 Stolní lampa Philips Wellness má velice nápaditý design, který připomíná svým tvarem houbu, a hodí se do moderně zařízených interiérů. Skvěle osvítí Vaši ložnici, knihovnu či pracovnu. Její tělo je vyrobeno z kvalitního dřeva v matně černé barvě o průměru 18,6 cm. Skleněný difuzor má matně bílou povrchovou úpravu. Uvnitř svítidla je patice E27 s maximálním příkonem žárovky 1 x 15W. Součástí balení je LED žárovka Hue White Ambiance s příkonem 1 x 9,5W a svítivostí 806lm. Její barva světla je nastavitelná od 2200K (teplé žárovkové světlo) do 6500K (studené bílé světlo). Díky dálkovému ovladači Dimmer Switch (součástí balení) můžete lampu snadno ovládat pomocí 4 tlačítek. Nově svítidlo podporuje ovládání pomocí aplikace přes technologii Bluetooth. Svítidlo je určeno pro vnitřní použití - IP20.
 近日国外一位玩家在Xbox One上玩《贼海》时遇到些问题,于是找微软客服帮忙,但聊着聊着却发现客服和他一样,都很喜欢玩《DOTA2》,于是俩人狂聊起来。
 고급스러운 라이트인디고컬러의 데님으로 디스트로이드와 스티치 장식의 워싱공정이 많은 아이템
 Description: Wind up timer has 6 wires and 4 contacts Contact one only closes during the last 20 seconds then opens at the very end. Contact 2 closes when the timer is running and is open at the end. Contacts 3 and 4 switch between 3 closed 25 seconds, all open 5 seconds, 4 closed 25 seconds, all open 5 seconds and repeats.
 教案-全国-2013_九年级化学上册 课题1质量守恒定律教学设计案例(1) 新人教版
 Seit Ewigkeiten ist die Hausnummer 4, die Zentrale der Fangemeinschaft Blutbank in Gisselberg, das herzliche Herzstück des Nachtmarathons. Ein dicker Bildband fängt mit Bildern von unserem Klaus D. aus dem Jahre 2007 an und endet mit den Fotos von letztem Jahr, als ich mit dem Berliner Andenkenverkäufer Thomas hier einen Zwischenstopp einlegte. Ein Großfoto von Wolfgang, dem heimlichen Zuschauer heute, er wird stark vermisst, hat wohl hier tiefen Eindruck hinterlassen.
*-*-*
▶ **Task requirements**: Return the listing above exactly, line for line.

▶ **Task output**:
 Stolní lampa Philips Wellness má velice nápaditý design, který připomíná svým tvarem houbu, a hodí se do moderně zařízených interiérů. Skvěle osvítí Vaši ložnici, knihovnu či pracovnu. Její tělo je vyrobeno z kvalitního dřeva v matně černé barvě o průměru 18,6 cm. Skleněný difuzor má matně bílou povrchovou úpravu. Uvnitř svítidla je patice E27 s maximálním příkonem žárovky 1 x 15W. Součástí balení je LED žárovka Hue White Ambiance s příkonem 1 x 9,5W a svítivostí 806lm. Její barva světla je nastavitelná od 2200K (teplé žárovkové světlo) do 6500K (studené bílé světlo). Díky dálkovému ovladači Dimmer Switch (součástí balení) můžete lampu snadno ovládat pomocí 4 tlačítek. Nově svítidlo podporuje ovládání pomocí aplikace přes technologii Bluetooth. Svítidlo je určeno pro vnitřní použití - IP20.
 近日国外一位玩家在Xbox One上玩《贼海》时遇到些问题,于是找微软客服帮忙,但聊着聊着却发现客服和他一样,都很喜欢玩《DOTA2》,于是俩人狂聊起来。
 고급스러운 라이트인디고컬러의 데님으로 디스트로이드와 스티치 장식의 워싱공정이 많은 아이템
 Description: Wind up timer has 6 wires and 4 contacts Contact one only closes during the last 20 seconds then opens at the very end. Contact 2 closes when the timer is running and is open at the end. Contacts 3 and 4 switch between 3 closed 25 seconds, all open 5 seconds, 4 closed 25 seconds, all open 5 seconds and repeats.
 教案-全国-2013_九年级化学上册 课题1质量守恒定律教学设计案例(1) 新人教版
 Seit Ewigkeiten ist die Hausnummer 4, die Zentrale der Fangemeinschaft Blutbank in Gisselberg, das herzliche Herzstück des Nachtmarathons. Ein dicker Bildband fängt mit Bildern von unserem Klaus D. aus dem Jahre 2007 an und endet mit den Fotos von letztem Jahr, als ich mit dem Berliner Andenkenverkäufer Thomas hier einen Zwischenstopp einlegte. Ein Großfoto von Wolfgang, dem heimlichen Zuschauer heute, er wird stark vermisst, hat wohl hier tiefen Eindruck hinterlassen.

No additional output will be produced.